*YOUR GOAL*: Once you reach the line containing "Como conferencista en", return it and every line after it exactly, through the end of the records below, with no pictures.

Source data:

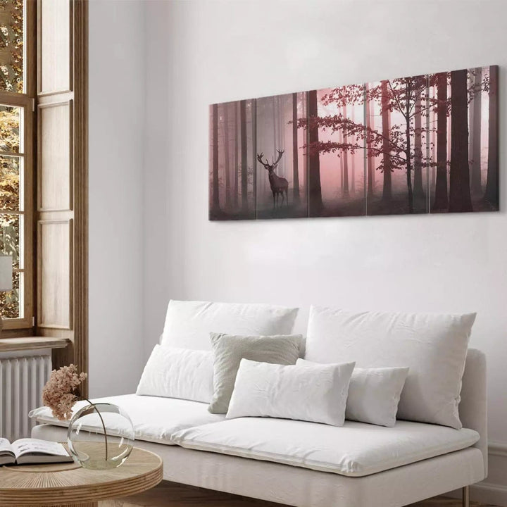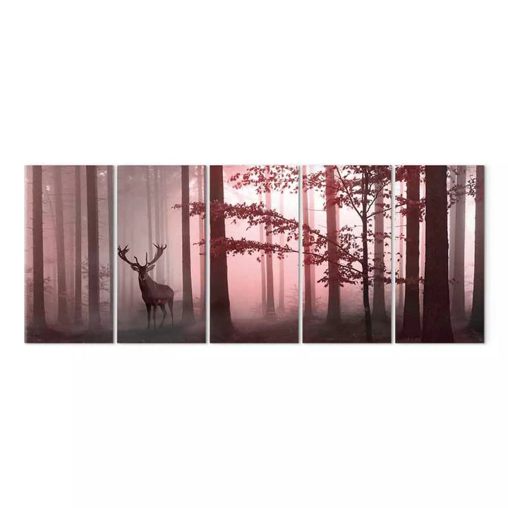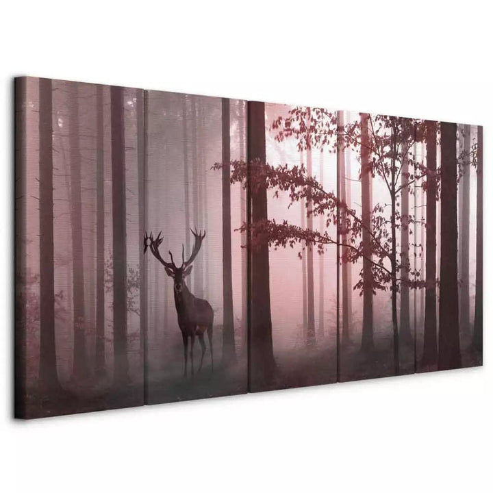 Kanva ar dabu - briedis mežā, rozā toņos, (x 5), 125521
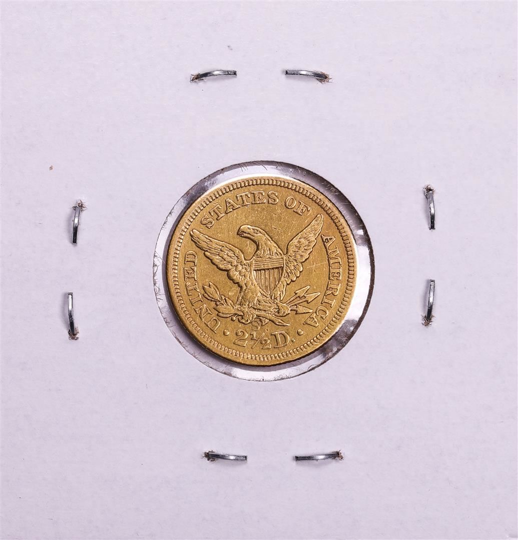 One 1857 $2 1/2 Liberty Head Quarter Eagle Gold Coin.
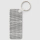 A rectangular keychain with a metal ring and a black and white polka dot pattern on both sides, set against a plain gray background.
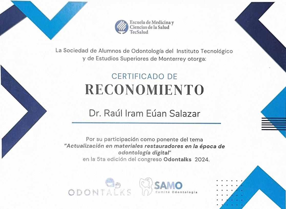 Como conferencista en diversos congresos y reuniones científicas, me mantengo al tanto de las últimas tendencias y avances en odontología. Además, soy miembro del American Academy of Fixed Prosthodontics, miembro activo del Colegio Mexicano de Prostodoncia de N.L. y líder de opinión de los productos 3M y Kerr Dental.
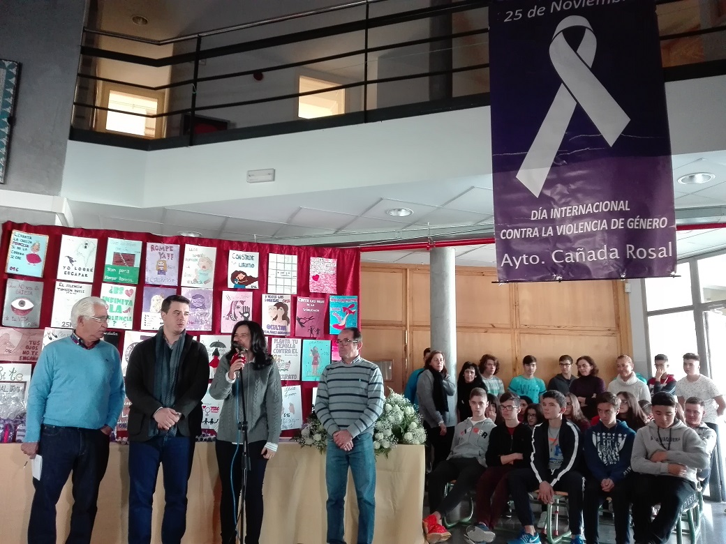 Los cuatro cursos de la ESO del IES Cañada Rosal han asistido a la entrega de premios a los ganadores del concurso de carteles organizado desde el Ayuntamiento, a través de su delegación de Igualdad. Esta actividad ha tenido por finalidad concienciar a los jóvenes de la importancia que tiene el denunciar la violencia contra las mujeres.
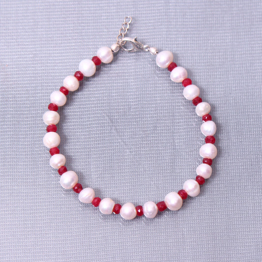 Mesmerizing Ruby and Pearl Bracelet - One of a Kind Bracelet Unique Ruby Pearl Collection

*EXPECTED ANSWER*:
 Como conferencista en diversos congresos y reuniones científicas, me mantengo al tanto de las últimas tendencias y avances en odontología. Además, soy miembro del American Academy of Fixed Prosthodontics, miembro activo del Colegio Mexicano de Prostodoncia de N.L. y líder de opinión de los productos 3M y Kerr Dental.
 Los cuatro cursos de la ESO del IES Cañada Rosal han asistido a la entrega de premios a los ganadores del concurso de carteles organizado desde el Ayuntamiento, a través de su delegación de Igualdad. Esta actividad ha tenido por finalidad concienciar a los jóvenes de la importancia que tiene el denunciar la violencia contra las mujeres.
 Mesmerizing Ruby and Pearl Bracelet - One of a Kind Bracelet Unique Ruby Pearl Collection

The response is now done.